• _Your instructions_: Each line of the entries below that holds "Please" is needed, copied in full.

• _Data provided_:
+ + +

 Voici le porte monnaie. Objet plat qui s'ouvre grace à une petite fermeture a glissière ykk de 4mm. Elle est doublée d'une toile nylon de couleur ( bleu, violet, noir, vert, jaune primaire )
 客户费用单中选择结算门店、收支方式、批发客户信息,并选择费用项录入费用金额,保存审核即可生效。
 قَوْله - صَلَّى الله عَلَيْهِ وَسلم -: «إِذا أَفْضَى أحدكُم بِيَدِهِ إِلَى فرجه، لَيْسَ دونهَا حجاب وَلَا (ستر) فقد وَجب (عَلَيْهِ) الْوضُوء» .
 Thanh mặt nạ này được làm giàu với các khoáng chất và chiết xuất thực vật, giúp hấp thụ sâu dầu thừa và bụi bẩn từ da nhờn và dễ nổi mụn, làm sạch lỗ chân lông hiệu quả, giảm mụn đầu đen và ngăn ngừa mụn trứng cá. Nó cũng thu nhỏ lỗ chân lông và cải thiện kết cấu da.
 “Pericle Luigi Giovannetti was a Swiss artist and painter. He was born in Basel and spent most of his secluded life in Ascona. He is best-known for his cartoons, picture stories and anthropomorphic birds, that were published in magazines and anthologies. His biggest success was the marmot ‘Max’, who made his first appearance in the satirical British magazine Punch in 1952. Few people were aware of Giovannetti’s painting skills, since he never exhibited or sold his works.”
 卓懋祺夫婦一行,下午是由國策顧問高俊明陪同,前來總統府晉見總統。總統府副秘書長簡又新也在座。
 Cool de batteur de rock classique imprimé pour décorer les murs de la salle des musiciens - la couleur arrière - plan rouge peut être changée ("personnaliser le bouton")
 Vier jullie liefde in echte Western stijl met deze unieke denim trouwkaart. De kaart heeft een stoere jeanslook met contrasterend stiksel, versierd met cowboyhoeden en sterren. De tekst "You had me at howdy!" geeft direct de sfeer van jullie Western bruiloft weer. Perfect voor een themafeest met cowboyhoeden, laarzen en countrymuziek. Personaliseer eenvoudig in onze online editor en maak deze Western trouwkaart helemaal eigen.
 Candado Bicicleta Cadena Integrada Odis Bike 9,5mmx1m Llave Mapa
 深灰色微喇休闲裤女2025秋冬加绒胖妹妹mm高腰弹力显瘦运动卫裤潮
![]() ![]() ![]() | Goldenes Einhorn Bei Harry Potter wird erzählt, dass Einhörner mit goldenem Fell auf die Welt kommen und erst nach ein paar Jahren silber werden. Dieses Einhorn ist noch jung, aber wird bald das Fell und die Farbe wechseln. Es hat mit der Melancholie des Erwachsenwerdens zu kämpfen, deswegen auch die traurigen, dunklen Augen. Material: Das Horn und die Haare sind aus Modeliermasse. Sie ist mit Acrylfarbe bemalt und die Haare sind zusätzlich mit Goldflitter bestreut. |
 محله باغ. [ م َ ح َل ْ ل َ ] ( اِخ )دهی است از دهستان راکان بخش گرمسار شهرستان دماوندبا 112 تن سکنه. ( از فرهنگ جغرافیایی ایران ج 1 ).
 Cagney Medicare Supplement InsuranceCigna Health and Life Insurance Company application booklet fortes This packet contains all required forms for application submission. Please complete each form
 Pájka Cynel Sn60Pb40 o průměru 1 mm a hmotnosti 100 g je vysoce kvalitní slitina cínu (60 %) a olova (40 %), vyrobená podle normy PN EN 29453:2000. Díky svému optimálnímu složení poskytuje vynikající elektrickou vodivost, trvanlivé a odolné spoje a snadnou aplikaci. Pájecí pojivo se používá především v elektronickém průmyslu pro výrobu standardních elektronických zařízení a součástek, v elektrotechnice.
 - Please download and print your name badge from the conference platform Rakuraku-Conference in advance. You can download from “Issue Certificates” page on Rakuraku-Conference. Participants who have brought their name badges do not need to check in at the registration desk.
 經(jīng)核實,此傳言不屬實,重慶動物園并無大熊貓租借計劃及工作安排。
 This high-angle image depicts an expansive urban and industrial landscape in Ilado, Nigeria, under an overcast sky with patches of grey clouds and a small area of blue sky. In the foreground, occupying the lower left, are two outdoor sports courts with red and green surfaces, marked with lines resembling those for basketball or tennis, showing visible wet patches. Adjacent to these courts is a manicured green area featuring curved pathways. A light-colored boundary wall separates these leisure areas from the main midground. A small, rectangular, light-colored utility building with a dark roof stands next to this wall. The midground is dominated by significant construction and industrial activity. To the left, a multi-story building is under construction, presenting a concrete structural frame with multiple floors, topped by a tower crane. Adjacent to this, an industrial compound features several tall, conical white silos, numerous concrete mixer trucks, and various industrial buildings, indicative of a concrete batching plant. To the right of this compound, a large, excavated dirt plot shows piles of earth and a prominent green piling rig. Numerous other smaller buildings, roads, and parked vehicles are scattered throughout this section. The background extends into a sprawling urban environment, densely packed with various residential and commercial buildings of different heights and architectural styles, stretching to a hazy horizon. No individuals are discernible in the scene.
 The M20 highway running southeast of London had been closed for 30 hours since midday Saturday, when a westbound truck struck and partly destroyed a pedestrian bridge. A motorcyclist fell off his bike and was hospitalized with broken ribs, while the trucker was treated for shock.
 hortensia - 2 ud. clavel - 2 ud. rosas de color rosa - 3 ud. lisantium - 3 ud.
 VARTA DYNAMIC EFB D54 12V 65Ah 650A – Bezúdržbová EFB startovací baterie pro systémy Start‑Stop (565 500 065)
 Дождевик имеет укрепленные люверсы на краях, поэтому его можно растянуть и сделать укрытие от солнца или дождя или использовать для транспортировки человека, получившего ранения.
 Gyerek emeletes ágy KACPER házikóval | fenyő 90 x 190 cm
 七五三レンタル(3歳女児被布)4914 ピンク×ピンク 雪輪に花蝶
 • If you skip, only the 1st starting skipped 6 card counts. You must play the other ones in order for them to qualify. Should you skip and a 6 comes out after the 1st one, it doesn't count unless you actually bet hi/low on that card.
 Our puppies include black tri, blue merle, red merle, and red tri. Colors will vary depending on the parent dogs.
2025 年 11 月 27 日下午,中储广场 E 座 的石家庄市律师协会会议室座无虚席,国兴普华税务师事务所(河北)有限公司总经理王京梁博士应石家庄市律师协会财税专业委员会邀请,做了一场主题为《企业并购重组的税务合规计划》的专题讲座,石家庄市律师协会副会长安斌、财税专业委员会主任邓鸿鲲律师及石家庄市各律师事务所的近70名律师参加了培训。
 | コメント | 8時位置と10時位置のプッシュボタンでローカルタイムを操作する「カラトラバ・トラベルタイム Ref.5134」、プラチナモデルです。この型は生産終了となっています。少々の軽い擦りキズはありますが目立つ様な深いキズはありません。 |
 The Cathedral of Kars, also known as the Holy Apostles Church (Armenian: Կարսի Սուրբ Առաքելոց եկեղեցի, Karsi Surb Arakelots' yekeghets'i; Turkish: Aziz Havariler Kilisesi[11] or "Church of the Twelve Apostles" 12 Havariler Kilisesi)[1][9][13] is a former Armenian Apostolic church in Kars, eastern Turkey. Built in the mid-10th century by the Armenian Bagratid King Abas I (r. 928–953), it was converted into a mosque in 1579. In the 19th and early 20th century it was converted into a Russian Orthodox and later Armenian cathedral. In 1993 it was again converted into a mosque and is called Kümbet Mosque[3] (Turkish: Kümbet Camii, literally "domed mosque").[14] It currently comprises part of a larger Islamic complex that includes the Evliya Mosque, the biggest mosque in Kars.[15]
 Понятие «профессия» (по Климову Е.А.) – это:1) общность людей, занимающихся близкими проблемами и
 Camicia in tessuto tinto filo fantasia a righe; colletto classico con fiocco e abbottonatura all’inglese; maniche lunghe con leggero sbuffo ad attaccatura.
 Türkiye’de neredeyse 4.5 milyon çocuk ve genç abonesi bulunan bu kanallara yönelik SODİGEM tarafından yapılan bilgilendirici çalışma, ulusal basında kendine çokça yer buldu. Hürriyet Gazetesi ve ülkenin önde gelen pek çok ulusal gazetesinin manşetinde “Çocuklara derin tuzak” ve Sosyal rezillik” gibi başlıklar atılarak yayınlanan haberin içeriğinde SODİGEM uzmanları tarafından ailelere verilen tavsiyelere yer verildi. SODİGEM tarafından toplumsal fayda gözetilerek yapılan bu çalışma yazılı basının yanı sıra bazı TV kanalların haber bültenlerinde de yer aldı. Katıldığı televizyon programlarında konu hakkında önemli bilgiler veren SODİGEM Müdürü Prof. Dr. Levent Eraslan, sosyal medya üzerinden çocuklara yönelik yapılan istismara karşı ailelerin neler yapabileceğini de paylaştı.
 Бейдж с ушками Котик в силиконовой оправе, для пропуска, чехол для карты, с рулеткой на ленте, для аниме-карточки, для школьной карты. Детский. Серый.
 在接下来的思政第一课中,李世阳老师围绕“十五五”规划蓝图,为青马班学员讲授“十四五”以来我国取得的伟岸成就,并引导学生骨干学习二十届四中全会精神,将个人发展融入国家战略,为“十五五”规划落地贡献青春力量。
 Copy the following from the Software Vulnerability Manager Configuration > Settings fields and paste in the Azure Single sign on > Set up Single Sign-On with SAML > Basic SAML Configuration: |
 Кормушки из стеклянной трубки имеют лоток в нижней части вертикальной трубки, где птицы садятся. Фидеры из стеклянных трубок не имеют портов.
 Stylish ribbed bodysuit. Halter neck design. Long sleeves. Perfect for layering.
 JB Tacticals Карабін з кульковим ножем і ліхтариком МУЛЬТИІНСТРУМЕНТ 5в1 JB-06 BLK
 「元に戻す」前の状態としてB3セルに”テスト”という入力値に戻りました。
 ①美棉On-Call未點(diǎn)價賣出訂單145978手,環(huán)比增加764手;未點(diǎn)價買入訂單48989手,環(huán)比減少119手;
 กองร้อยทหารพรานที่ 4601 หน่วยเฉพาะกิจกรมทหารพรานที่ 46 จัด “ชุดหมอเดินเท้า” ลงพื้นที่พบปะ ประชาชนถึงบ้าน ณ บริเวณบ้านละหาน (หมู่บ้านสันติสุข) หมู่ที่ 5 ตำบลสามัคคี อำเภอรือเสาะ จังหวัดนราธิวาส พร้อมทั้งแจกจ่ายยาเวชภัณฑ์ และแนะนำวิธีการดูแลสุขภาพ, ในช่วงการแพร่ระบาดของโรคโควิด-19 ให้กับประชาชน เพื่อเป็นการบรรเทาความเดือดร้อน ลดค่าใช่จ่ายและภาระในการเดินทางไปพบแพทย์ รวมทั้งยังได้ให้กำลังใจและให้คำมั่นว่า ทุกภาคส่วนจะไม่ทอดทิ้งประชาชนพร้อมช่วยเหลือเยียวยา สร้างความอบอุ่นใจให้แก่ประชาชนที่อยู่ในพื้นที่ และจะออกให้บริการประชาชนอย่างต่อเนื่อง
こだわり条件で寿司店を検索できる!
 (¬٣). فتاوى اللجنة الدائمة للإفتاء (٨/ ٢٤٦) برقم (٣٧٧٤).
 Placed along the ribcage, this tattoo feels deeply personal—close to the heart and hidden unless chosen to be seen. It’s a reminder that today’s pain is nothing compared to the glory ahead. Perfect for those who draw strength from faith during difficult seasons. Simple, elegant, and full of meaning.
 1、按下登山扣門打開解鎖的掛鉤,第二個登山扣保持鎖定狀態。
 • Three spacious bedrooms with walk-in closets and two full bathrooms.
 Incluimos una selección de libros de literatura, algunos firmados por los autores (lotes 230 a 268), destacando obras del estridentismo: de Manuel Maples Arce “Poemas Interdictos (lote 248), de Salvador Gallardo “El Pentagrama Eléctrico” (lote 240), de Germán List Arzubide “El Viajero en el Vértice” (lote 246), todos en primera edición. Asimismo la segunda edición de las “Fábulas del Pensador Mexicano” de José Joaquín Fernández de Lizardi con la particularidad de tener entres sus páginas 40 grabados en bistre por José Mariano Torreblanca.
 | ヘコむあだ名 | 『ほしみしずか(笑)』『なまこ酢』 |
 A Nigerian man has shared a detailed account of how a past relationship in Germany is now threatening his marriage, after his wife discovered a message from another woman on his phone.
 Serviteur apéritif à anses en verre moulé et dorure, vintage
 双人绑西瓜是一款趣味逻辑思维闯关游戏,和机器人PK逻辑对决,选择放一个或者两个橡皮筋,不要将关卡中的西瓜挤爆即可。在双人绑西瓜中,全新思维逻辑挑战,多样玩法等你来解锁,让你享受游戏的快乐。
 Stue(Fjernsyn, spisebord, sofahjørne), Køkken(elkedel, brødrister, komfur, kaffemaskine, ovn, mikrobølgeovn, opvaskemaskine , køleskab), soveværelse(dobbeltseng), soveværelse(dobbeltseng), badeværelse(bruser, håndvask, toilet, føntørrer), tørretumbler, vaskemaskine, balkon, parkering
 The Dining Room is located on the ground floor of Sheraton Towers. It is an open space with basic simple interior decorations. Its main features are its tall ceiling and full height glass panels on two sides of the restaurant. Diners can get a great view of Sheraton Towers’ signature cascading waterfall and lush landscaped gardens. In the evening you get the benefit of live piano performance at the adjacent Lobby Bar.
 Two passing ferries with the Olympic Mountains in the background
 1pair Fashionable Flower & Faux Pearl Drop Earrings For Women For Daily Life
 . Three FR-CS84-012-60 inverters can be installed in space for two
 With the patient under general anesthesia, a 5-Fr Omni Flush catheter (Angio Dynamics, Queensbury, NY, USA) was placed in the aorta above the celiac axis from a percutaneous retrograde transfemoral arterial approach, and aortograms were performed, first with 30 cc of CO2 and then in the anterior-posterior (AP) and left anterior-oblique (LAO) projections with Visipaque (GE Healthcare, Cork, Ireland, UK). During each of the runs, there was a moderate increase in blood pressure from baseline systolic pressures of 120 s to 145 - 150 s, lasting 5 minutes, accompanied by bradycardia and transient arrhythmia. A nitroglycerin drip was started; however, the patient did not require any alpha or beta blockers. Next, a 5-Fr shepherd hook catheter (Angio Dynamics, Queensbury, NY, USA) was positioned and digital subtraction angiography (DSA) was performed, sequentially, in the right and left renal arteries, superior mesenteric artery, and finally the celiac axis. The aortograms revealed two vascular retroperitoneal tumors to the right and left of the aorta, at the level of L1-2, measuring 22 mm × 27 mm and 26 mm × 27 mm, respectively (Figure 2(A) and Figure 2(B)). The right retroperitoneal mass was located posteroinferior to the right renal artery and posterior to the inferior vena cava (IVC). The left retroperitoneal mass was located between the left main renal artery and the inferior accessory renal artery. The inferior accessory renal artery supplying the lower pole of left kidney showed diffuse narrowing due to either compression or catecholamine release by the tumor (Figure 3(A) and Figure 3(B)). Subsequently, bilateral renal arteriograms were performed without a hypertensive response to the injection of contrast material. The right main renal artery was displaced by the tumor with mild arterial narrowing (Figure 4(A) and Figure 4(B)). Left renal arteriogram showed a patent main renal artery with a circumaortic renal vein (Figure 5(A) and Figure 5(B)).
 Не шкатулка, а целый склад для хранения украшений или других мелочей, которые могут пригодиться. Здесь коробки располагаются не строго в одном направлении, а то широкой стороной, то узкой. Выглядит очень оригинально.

+ + +

• _Solution_:
 Cagney Medicare Supplement InsuranceCigna Health and Life Insurance Company application booklet fortes This packet contains all required forms for application submission. Please complete each form
 - Please download and print your name badge from the conference platform Rakuraku-Conference in advance. You can download from “Issue Certificates” page on Rakuraku-Conference. Participants who have brought their name badges do not need to check in at the registration desk.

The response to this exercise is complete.